To our knowledge, this is the first systematic attempt to characterize carcinomas with mucinous features across different cancer types. In this study, we have demonstrated that the up-regulation of MUC2, SEC16A and CRACR2A is the common denominator of all carcinomas with mucinous differentiation studied here. The up-regulation of MUC2, the most abundant secreted mucin, has been previously shown in different cancer types1,8,9. Several studies have reported a possible role of DNA methylation in regulating the expression of some gel-forming mucins22 and the epigenetic regulation of MUC2 has been shown in mucinous colorectal cancer and mucinous breast cancer10,11,23. We demonstrated that MUC2 expression is also regulated by DNA methylation in stomach cancer. The fact that we did not find an association between MUC2 expression and DNA methylation in LUAD, CEAD and PAAD might be due to low statistical power or other mechanisms of mRNA expression regulation such as histone methylation24. Nevertheless, our results suggest that up-regulation of MUC2 and the gel-forming mucins signature might be considered as pan-cancer biomarkers of mucinous histology. SEC16A encodes a protein required for protein trafficking to the cell membrane25. We hypothesize that carcinomas-muc up-regulates SEC16A to sustain mucin secretion. Differential gene expression analysis revealed up-regulation of genes related to divalent cation homeostasis and Ca++ transmembrane transport such as CRACR2A, encoding a rab GTPase Ca++ binding protein and acting as a cytoplasmic calcium-sensor. Interestingly, it has been shown that packing and releasing of gel-forming MUC2 is a pH-dependent mechanism that relies on Ca++ release regulation26. We show that, independent of cancer type, carcinomas with mucinous differentiation not only display elevated expression of MUC2 but also complementary genes involved in MUC2 packing, folding and transport.
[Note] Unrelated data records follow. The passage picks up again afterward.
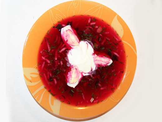 Приготовление: Сначала делаем холодный борщ. Овощи моем, чистим. Сырую свеклу и морковь натираем на мелкой терке, огурцы - на крупной. В принципе, огурцы можно порезать соломкой, но на терке быстрее. Нарезаем лук и укроп (зелени не жалеем), лука желательно положить побольше. Выдавливаем половинку лимона и все это заливаем кипяченой водой. Добавляем соль и сахар, но кладем немного меньше, чем нужно, чтобы потом отрегулировать вкус, когда борщ немного настоится.
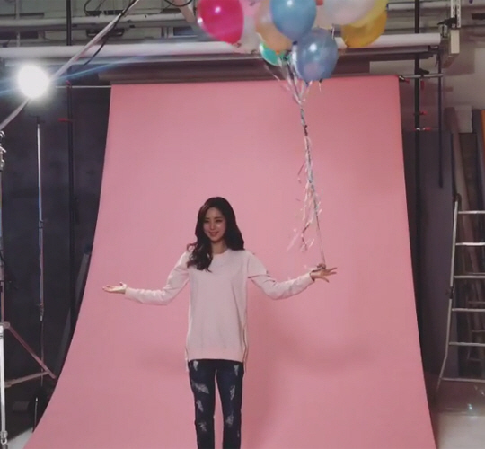 공개된 영상에서 한채아는 한 광고 촬영에서 풍선을 띄워올리며 정면을 바라보고 환하게 웃고 있다.
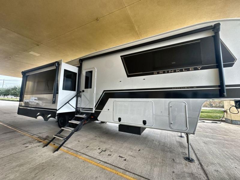 The Brinkley mid-profile Model Z fifth wheels bring you clean lines and an upscale look with plenty of style and exciting new features like the industry first brass plumbing connections. These units also feature an automotive grade front cap, plenty of exterior storage, exterior hot and cold showers, and wide stance leveling jacks for easy set up. Residential frameless windows provide a clean look and beautiful views, and ample electrical outlets and 6 USB/USB-C outlets allow all of your electronics and appliances to easily be used and charged.
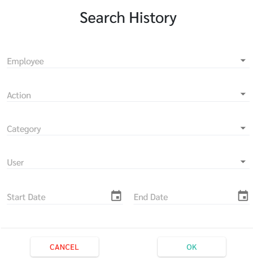 Admin can filter the displayed information by clicking the "Search History" button.
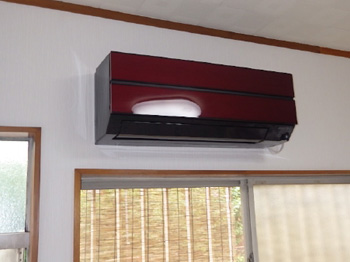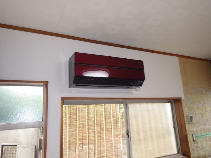 | 見違えるように綺麗な壁に生まれ変わりました。空間には上品な清潔感も感じられますね。 | 新しいエアコンは高級感あふれるワインレッド調の物へと交換しております。 | 室外機もエアコンと合わせて新しく交換していきます。 |
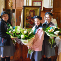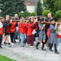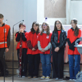 Po wspólnej modlitwie był czas na posiłek oraz integrację "Dzielimy się radością". Podczas tego ostatniego punktu programu, uczestnicy Warsztatów Terapii Zajęciowej z Lwówka Śląskiego przedstawili sztukę teatralną, a młodzież ze szkoły muzycznej z Legnicy wystąpiła z koncertem pieśni i piosenek religijnych.
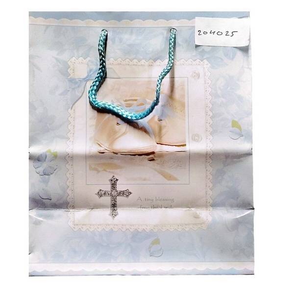 This charming paper bag is designed for presenting small keepsakes and favours at special occasions. Featuring a delicate floral pattern and dedicated handles, it offers a thoughtful way to package your items. The central design, including baby booties and a silver cross accent, makes this ideal for baptisms or baby showers.
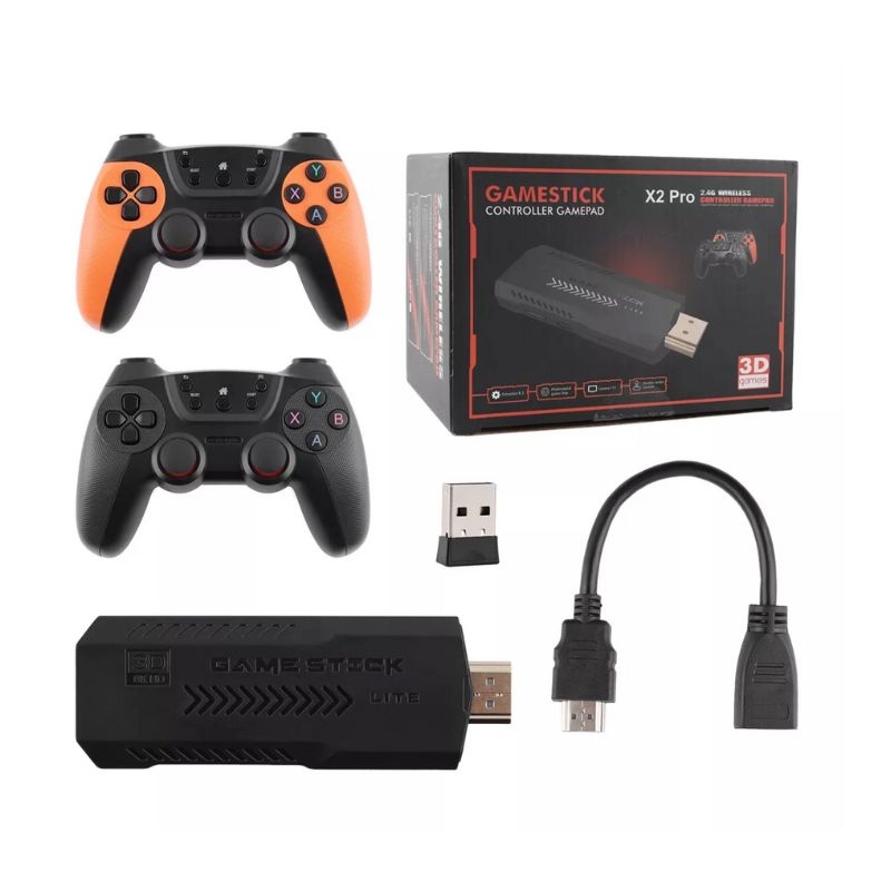 The X2 Pro 64 GB Game Stick is a plug‑and‑play retro gaming console. It’s essentially a stick (HDMI) that you plug into your TV/monitor, comes preloaded with thousands of games from classic consoles/emulators, and includes wireless controllers. It’s aimed at nostalgia gamers, families, or casual gamers who want many games without buying each one individually.
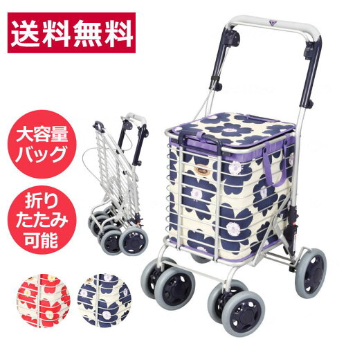【人気商品】おしゃれな花柄が人気 ショッピングバッグ付 [アルミワイヤーカート 花柄] A-0245 ユーバ産業【送料無料】4輪 シルバーカート 軽量 買いものカート 高齢者 手押し車
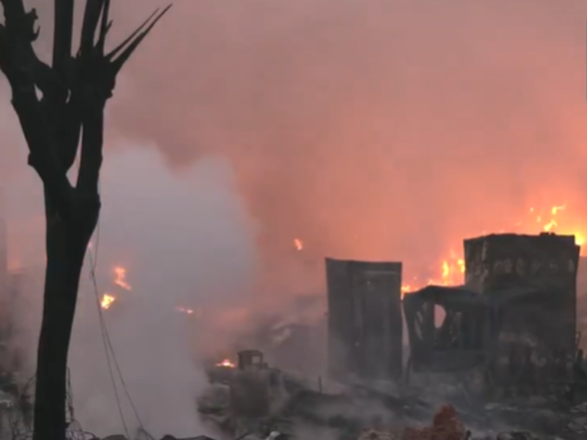 A child was injured in a massive fire that broke out in a slum area near Rithala Metro Station in New Delhi on Friday night, November 7. According to fire officer SK Dua, the fire was declared a Medium category fire due to its intensity, and a total of 29 fire tenders were rushed to the spot.
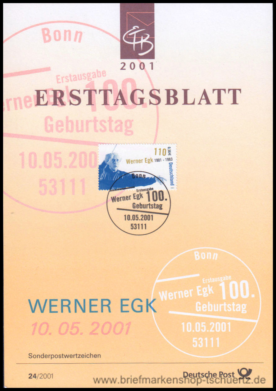 2001, 100. Geburtstag von Werner Egk Ersttagsblatt
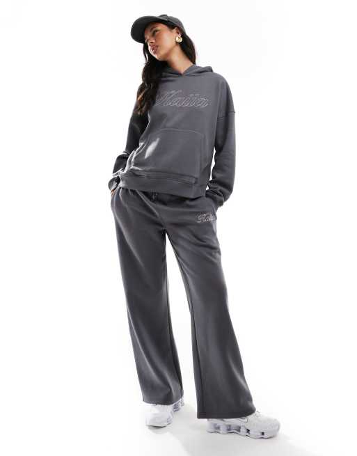 Kaiia - Coordinato antracite con felpa con cappuccio oversize, t-shirt e joggers con logo ricamato
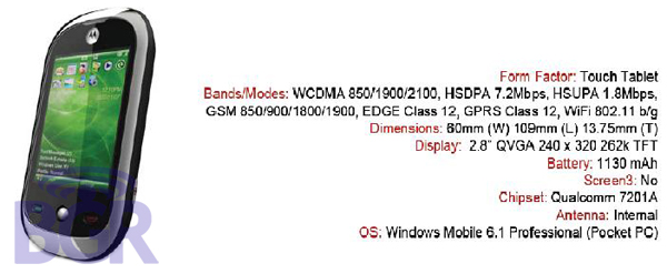 Ismét a Boy Genius Report oldala leplezett le egy készüléket, mely ezúttal a Motorola „Atila” belső néven fejlesztett modellje. Az újdonság külső vonásaiban teljes mértékig az „Alexander” belső nevű modellt idézi, ám ezúttal a lemaradt a QWERTY billentyűzet és helyette csak az érintőkijelző használható beviteli eszköz gyanánt. Habár a 7,2 megabites HSDPA letöltés és az 1,8 megabites HSUPA feltöltés, a WLAN elérés, a Windows Mobile 6.1 operációs rendszer és az 1130 mAh kapacitású akkumulátor jelenléte nem hangzik rosszul, azért mégis igen komoly gondok lehetnek a jövevénnyel mégpedig kijelző és méret terén. A BGR előzetes adatai szerint ugyanis a készülék 108x80x13,75 milliméteres méretű, mely a nem éppen keskeny iPhone-nál is majdnem két centivel szélesebb kialakítást jelent. Amíg az Apple üdvöskéjének 3,5 hüvelykes kijelzője miatt érthető ez a szélesség, addig a Motorola „Atila” mindössze 2,8 hüvelykes és 240x320 képpontos érintőkijelzője semmiképp nem igényel ekkora keretet.
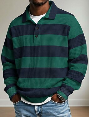 Муж. Горизонтальные полосы Рубашки-поло из вафельной ткани Рубашки-поло для регби Длинный рукав Футболки поло Рубашки с воротником На каждый день Одежда для спорта и отдыха На каждый день Пуговицы
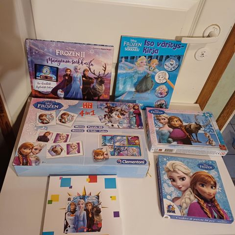 Laulava laukku (toimii), palapeli(palat tallella) ja Frozen Elsan linna sekä Tuire ja mansikkakilpurihahmot
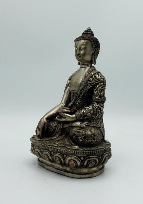 This is a White Metal Shakyamuni Buddha statue handmade in Nepal. The statue has fine floral carvings done on the body of the statue by our master artisans giving it a beautiful visual look.

At the genomic level, we found that a flat CNA landscape was a common trait across CRC-muc, BRCA-muc, LUAD-muc and STAD-muc. Thus, we hypothesize that carcinomas-muc are less likely driven by copy number alterations. Higher frequencies of SMAD4, BRAF and KRAS mutations have been previously reported in CRC-muc1,2,27. Here, we confirmed these observations and found that CRC-muc was also associated with a higher frequency of SMAD2 and lower frequency of TP53 mutations. The slightly higher median number of driver alterations observed in CRC-muc might be explained by the higher frequency of mutation in genes belonging to TGF-Beta and RTK-RAS pathways in CRC-muc. We and others have previously reported a lower TMB, FGA and lower frequency of PIK3CA mutation in mucinous breast cancer10,11. Here we found that BRCA-muc were associated with a higher frequency of β-catenin/Wnt pathway alterations, mostly caused by epigenetic silencing of TCF7L2 and TCF7. We have also observed a higher frequency of KRAS mutations and lower frequency of TP53 mutations in LUAD-muc, consistent with previous findings3,28.

Our study has several limitations. First, the definition of mucinous carcinomas varies by cancer types and includes pure as well as mixed mucinous carcinomas, but due to the pan-cancer nature of this study and for practical reasons, we choose to include any carcinoma with mucinous differentiation. Of note, not all HE slides were available to be centrally reviewed. It should also be noted that the sample size was relatively low for CEAD and PAAD hence negative conclusions related to these cohorts should be interpreted with caution, given the limited statistical power. Finally, only samples that were part of the TCGA were analyzed and future studies that include ovarian and appendiceal cancer are needed to investigate if their biology are similar to other mucinous carcinomas.

In conclusion, here we provide important novel insights into the biology of carcinomas with mucinous differentiation suggesting transcriptional and genomic similarities across different cancer types and alternative oncogenic pathway alterations underlying their pathogenesis, paving the way for a more biologically relevant taxonomy for these cancers.